The demonstrators convened in New Orleans and marched to the Mariott Hotel, where the ALEC conference took place.

We in the Voice Collective commend the work of LSU SLAP and the other organizations and individuals in this coalition. The members of SLAP, especially, have done a commendable job in the months since they formed early this spring in spreading a proletarian class stand amongst the people of Louisiana, all the while advocating a break with the Democratic Party and stressing the need to form organizations independent of either of the ruling national parties. We of course believe that we need new, specifically revolutionary organizations in the U.S. today, but at any rate we think that it is significant that SLAP has worked so energetically to open this conversation up amongst all the people they work with.

Secondly, we uphold the spirit of this protest precisely because it helps reveal the thoroughly rotten and fundamentally undemocratic nature of the U.S. political system. Now is a good time to attack illusions, and batter down the widespread (but wavering) ideological pretensions that the U.S. government somehow represents the broad masses of the people, and that it is not the instrument of a powerful and tiny capitalist elite.

ALEC is just one mechanism by through which real decision-making occurs in this country, without the participation (or even the knowledge, oftentimes) of the mass of the population. In this regard, the role of ALEC as an anti-popular and anti-democratic force is like the Tea Party, in that it’s a sham “independent” entity, apparently comprised of concerned citizens who have just as much democratic right to make their voices heard as anyone else. In capitalist America, we are taught that class, gender, race, sexuality etc. do not matter, and that all voices are ultimately equal.

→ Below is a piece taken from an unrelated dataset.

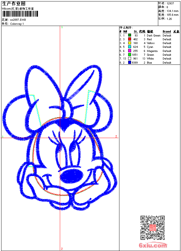 - 版带文件需绣花软件方可打开,可配色打印导出各种格式或直接上机绣。如无绣花软件可下载1:1模拟效果图。

We even allow corporations to make unlimited donations to political campaigns because, after all, they have a right to “free speech,” too.

In reality, concentrated power does matter; those who control   vast amounts of wealth, for example, dominate (or exercise hegemony) in the political sphere. ALEC is a tool of the elite to control the rest of society. There is nothing democratic about it. Similarly, the Tea Party is not a spontaneous, grassroots movement, but is rather funded by titanic corporate and financial actors. This is not unlike the way that the quick rise of the Fascists in Italy came about in part because of members of the capitalist class poured huge amounts of money into the Fascist organizations, because they were afraid of the increasing working class militancy in the country.

Thirdly, we applaud the work that SLAP and this coalition is doing because it increases the consolidation of progressive and radical forces in the south of the U.S., which we believe is strategically important. By bringing people together concretely, and spreading information, they are assisting in the radicalization of the struggling people of this region. They are demonstrating not only against ALEC, but are spreading the idea that resistance is necessary and good. The old Maoist slogan was, “It is right to rebel against reactionaries.” We need that sentiment now more than ever.

Our hope is that news of this march travels far and wide—that it inspires people throughout Louisiana, the U.S. South, the United States and beyond to fight back and develop a vision of how to move beyond the framework of existing society.